→ **Records supplied**
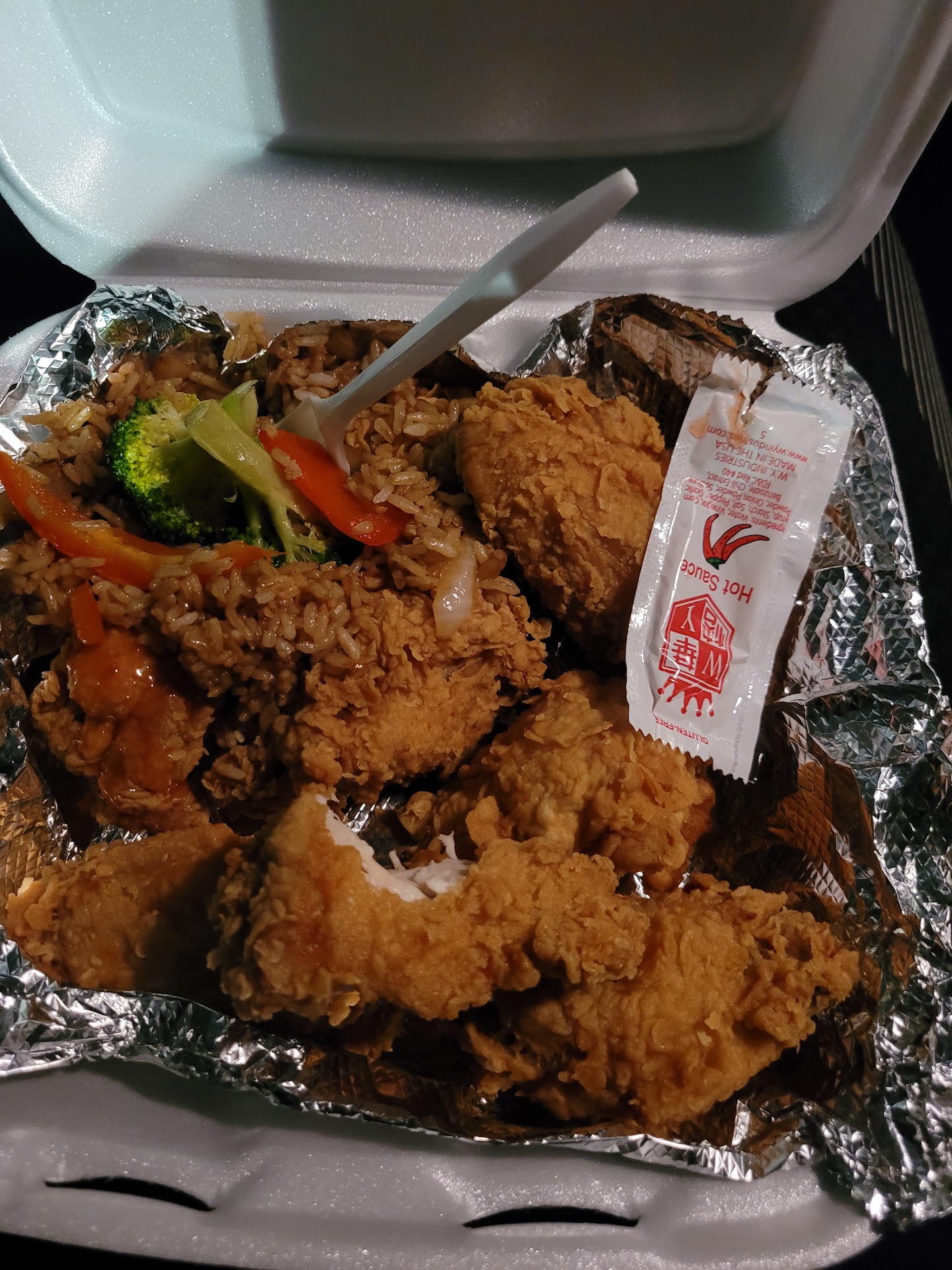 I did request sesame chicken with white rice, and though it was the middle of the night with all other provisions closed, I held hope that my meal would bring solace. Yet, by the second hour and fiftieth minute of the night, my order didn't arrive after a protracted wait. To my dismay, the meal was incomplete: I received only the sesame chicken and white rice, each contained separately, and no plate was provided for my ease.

==

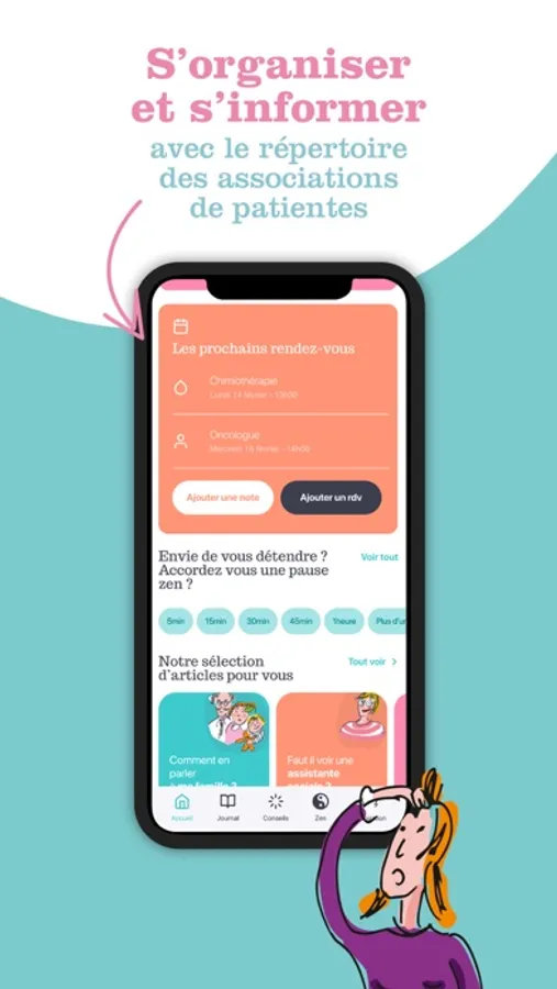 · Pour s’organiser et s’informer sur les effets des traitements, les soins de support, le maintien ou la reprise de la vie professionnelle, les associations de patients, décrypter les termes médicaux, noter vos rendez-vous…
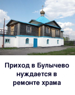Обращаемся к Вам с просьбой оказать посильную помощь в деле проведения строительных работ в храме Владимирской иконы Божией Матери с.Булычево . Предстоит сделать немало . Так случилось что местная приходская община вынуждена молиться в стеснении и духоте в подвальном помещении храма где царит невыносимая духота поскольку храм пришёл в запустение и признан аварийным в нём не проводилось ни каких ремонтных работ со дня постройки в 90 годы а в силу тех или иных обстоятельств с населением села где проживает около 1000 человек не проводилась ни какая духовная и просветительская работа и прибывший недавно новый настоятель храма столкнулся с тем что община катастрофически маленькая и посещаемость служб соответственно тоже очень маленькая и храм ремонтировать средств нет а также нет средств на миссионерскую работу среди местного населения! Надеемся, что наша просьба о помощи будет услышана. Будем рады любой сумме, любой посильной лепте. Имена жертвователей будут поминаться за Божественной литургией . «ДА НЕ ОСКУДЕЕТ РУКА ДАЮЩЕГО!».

→ **Task item**
Quote the data above exactly from the line with "noter vos rendez-vous…" to the line with "Обращаемся к Вам", both ends counted, and nothing else. Pictures don't go in.

→ **Answer box**
 · Pour s’organiser et s’informer sur les effets des traitements, les soins de support, le maintien ou la reprise de la vie professionnelle, les associations de patients, décrypter les termes médicaux, noter vos rendez-vous…
Обращаемся к Вам с просьбой оказать посильную помощь в деле проведения строительных работ в храме Владимирской иконы Божией Матери с.Булычево . Предстоит сделать немало . Так случилось что местная приходская община вынуждена молиться в стеснении и духоте в подвальном помещении храма где царит невыносимая духота поскольку храм пришёл в запустение и признан аварийным в нём не проводилось ни каких ремонтных работ со дня постройки в 90 годы а в силу тех или иных обстоятельств с населением села где проживает около 1000 человек не проводилась ни какая духовная и просветительская работа и прибывший недавно новый настоятель храма столкнулся с тем что община катастрофически маленькая и посещаемость служб соответственно тоже очень маленькая и храм ремонтировать средств нет а также нет средств на миссионерскую работу среди местного населения! Надеемся, что наша просьба о помощи будет услышана. Будем рады любой сумме, любой посильной лепте. Имена жертвователей будут поминаться за Божественной литургией . «ДА НЕ ОСКУДЕЕТ РУКА ДАЮЩЕГО!».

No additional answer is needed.